Many Americans wonder what specific steps President Obama can further take to educate the American public and counter the radical Islamic threat at home and abroad. A few suggestions follow.
One, acknowledge that most of the world’s terrorism attacks emanate from countries with majority Muslim populations, and from individuals and groups within Islam who become radicalized.

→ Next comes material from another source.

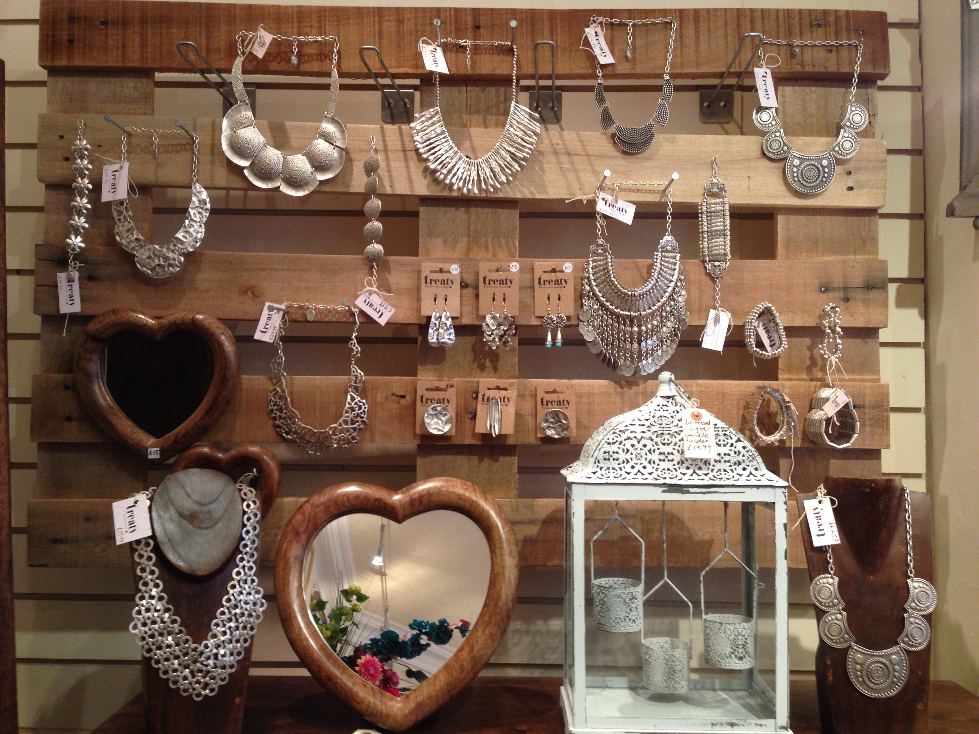 1. wooden jewellery holder : have a look at the picture below, we have turned a pallet into a jewellery holder and display our entire range of  Treaty jewellery on it. Guess how much the cost of this project is? ONLY £2.50, just to get some nails to hang the pallet on the wall !!!!

Two, explain the difference between Islamists and jihadists from the overall Muslim population. An Islamist is any Muslim who wants to impose and enforce Shariah – whether by violent or nonviolent means. A jihadist is an Islamic terrorist. The Muslim Brotherhood, which gestates Islamists, uses mostly non-violent means to create Shariah-compliant constitutions, though it has collaborated with violent groups to achieve its means, as it did in Egypt during the Arab Spring.
Three, explain that Shariah Law is incompatible with the U.S. Constitution and other Free World laws in that it totally subordinates women and mandates many other human rights violations, such as relegating non-Muslim minorities to a much lower legal status than Muslims and dispensing cruel and unusual punishment. It also rejects freedom of speech and conscience and mandates aggressive jihad until the world is brought under Islamic hegemony.

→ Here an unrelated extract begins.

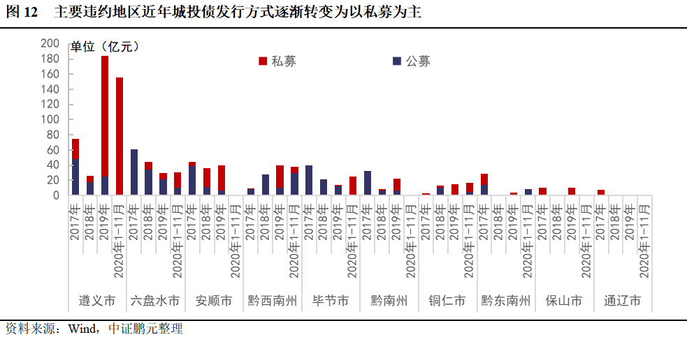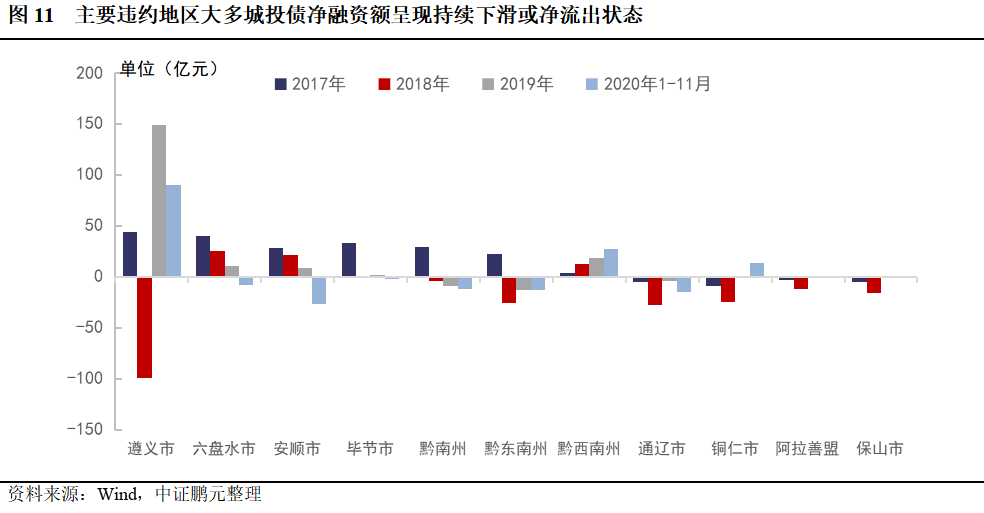 從違約平臺所處地級市城投債發(fā)行情況來看,除遵義市、黔西南州外,其余地區(qū)城投債凈融資額呈現(xiàn)持續(xù)下滑或凈流出狀態(tài),非標(biāo)違約對區(qū)域城投發(fā)行影響較大。2019年遵義市凈融資額有所回升,可能源于以下因素:首先,2019年初遵義市長拜會國開行貴州省分行,雙方達(dá)成一致意見:遵義作為革命老區(qū),是黨中央、國務(wù)院重點(diǎn)關(guān)心關(guān)注區(qū)域,國開行貴州省分行將按照總行要求,不斷創(chuàng)新融資模式,圍繞既有利于發(fā)展,又有利于化債目標(biāo),在推動遵義經(jīng)濟(jì)社會發(fā)展中實(shí)現(xiàn)多贏,該舉措一定程度上提升了市場投資者信心;其次,近年遵義市GDP、財(cái)政收入在貴州省內(nèi)均排名第二位,地區(qū)經(jīng)濟(jì)實(shí)力相對較強(qiáng),相較其他違約區(qū)域,省政府及地方政府可能給予遵義市內(nèi)城投平臺的支持力度更大。近年黔西南州凈融資額呈上升趨勢,可能源于在發(fā)生違約事件的主要地級市中,黔西南州債務(wù)率水平相對較低,且已知的該地城投非標(biāo)違約事件最早發(fā)生于2020年3月,僅發(fā)生一起;但黔西南州整體凈融資規(guī)模仍較低。

Four, recognize that the U.S. is facing an international army of non-state jihadists who move about and act with impunity, using international laws of warfare and/or state gun control laws to their advantage. Jihadists were easily able to obtain weapons to use in France which reputedly has the strictest Western gun laws, and California, which arguably has the strictest laws in the United States.
Five, direct Federal agencies to reincorporate radical Islamic awareness training into curriculums. Such training has been phased out mostly due to dubious political correctness and suppressing awareness decisions by the Bush and Obama administrations. An excellent training tool is the New York Police Department’s Radicalization in the West: The Homegrown Threat.
Six, do not engage in a military conflict overseas unless U.S. national security is threatened and Congress approves. This did not happen in Mr. Obama’s Libyan military intervention. Duly elected representatives of the American people should be the ones debating, making war decisions and setting legal war parameters, not a small group of administration officials, U.N. and NATO representatives and bureaucrats with varying security interests and agendas.
President Obama has sought to minimize the threat posed by radical Islam during his presidency. However, evidence presented above strongly suggests there is a rising problem within the domain of Islam that needs to be addressed by freedom-loving people everywhere – which threatens innocent people gathering in places like the Bataclan concert hall in Paris, France to enjoy a musical evening, or a group in San Bernardino, California expecting to participate in a joyous Christmas event. As the president approaches his last year in office, he has a chance to lead the effort to reverse the gains made by ISIS and other radical Islamists. For the sake of the Free World and humanity, let’s hope he does. Many lives depend on it.
Fred Gedrich is a foreign policy and national security analyst. He served in the U.S. departments of State and Defense.